Prepare Genome Builder using `hisat2-build` if not available on suitable index file

hisat2-build builds a HISAT2 index from a set of DNA sequences. hisat2-build outputs a set of 6 files with suffixes .1.ht2, .2.ht2, .3.ht2, .4.ht2, .5.ht2, .6.ht2, .7.ht2, and .8.ht2. Use the following command to prepare the genome builder with hisat2-build:

$ hisat2-build <genome sequence.fa> <output folder>

The genome sequence file downloads the fa format of the toplevel (e.g. species.version.dna.toplevel.fa) provided by the ENSEMBL.

  • Here is an example command to perform hisat2-build on the reference file:
      $ hisat2-build /Users/jchoi/Desktop/Build/Danio_rerio.GRCz11.dna.toplevel.fa \
  • When hisat2-build finished typing, it prints messages processing genome builder file look like this:

Running HISAT2

Use the following command to perform mapping to the genome with hisat2:

$ hisat2 -x <GenoemeBuilder> -1 <forward> -2 <reverse> -S <output.sam> <OptionalParameters>

In these commands,

  • -x <GenoemeBuilder>: Specifies the genome index. Since index files consist of genome.X.ht2, the builder command must be typed as follows; /genome/builder/path/genome
  • -1, -2: Specifies the forward (-1) and reverse (-2) input files. Support gz commpressed fastq (fq) files.
  • -S <output.sam>: Specifies the output file type and name.
  • The <OptionalParameters> offer a wide range of variables as bellow, see the HISAT2’s manual for details.

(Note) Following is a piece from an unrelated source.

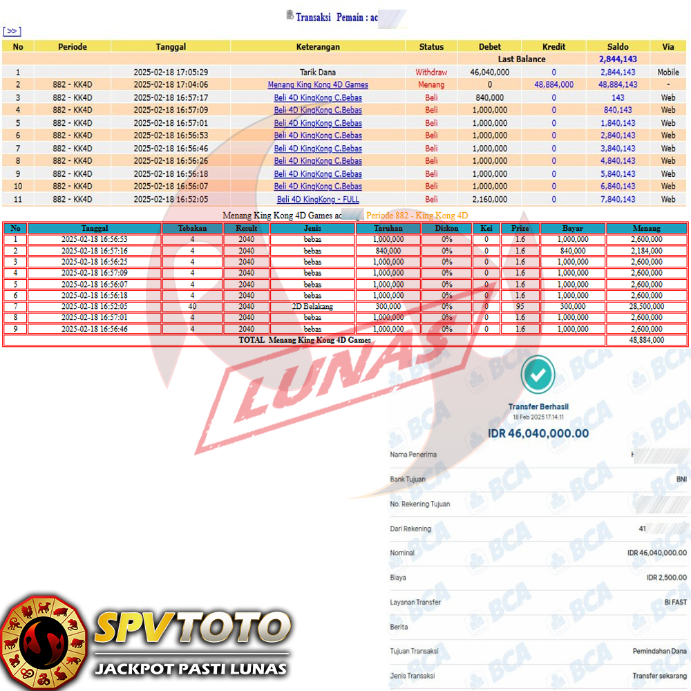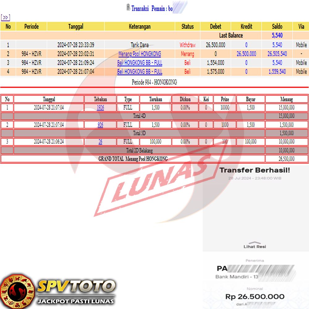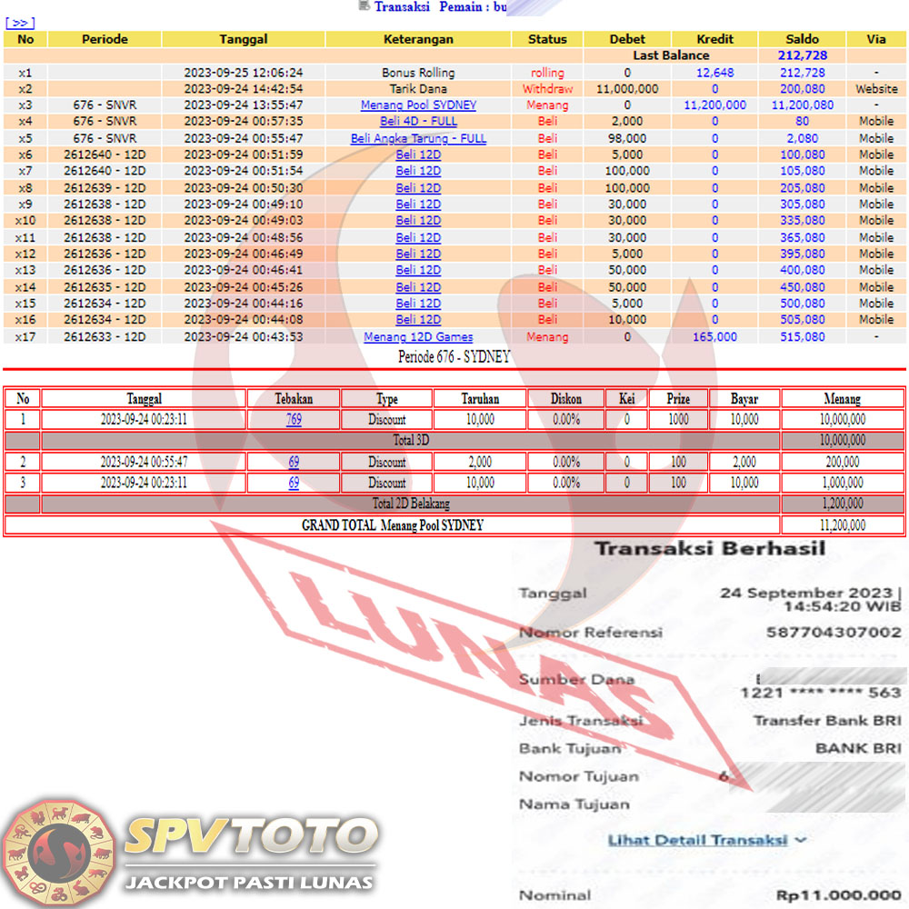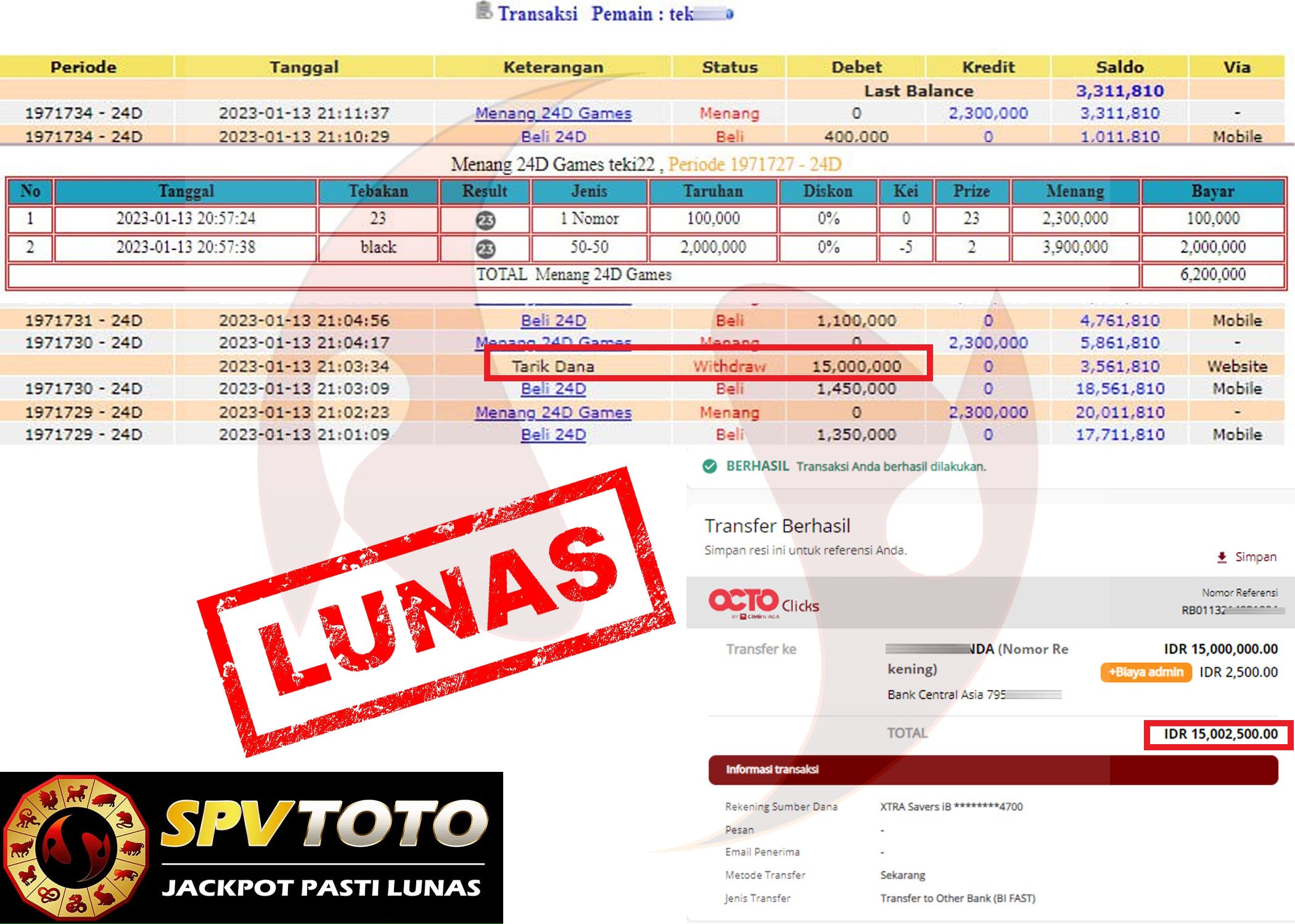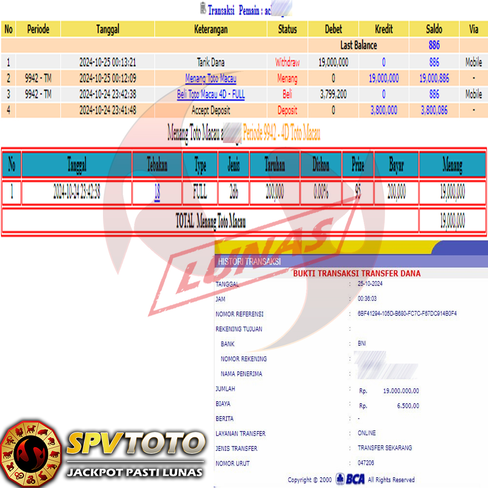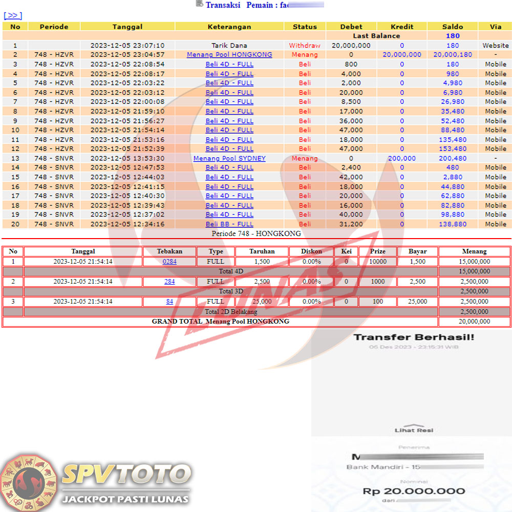 SELAMAT KEPADA MEMBER YANG MENDAPATKAN JACKPOT DI SPVTOTO

    -5/--trim5 <int, -3/--trim3 <int>Trim bases from 5' (left) or 3' (right) end of each read before alignment (default: 0).
    --mp MX,MNSets the maximum (MX) and minimum (MN) mismatch penalties, both integers.
    --sp MX,MNSets the maximum (MX) and minimum (MN) penalties for soft-clipping per base, both integers.
    --np <int>Sets penalty for positions where the read, reference, or both, contain an ambiguous character such as N.
    --dta-cufflinks optionReport alignments tailored specifically for Cufflinks. In addition to what HISAT2 does with the above option (–dta), With this option, HISAT2 looks for novel splice sites with three signals (GT/AG, GC/AG, AT/AC), but all user-provided splice sites are used irrespective of their signals.
    -k <int>It searches for at most distinct, primary alignments for each read. Primary alignments mean alignments whose alignment score is equal or higher than any other alignments (Default: 5).
    -p <int>The number of CPU threads HISAT program will use when executing multi-processing tasks.

Example Code

Here is an example command to perform alignment with the human hg19 genome on trimmed fastq files:

$ hisat2 -x /Users/jchoi/Desktop/RNA-seq/GenomeIndex/hg19_HiSat2Builder/genome \
    -1 /Users/jchoi/Desktop/Trim/Trim_shCon_H2O2_1.fq.gz \
    -2 /Users/jchoi/Desktop/Trim/Trim_shCon_H2O2_2.fq.gz \
    -S /Users/jchoi/Desktop/SAM/shCon_H2O2.sam -p 10 --dta-cufflinks -k 5


When HISAT2 finishes running, it prints messages summarizing what happened.

24403217 reads; of these:
  24403217 (100.00%) were paired; of these:
    3213764 (13.17%) aligned concordantly 0 times
    18006379 (73.79%) aligned concordantly exactly 1 time
    3183074 (13.04%) aligned concordantly >1 times
    3213764 pairs aligned concordantly 0 times; of these:
      316476 (9.85%) aligned discordantly 1 time
    2897288 pairs aligned 0 times concordantly or discordantly; of these:
      5794576 mates make up the pairs; of these:
        3288372 (56.75%) aligned 0 times
        1992820 (34.39%) aligned exactly 1 time
        513384 (8.86%) aligned >1 times
93.26% overall alignment rate
  • This message can also be outputted by samtools.

The subsequent process utilizes the resulting ‘SAM’ file.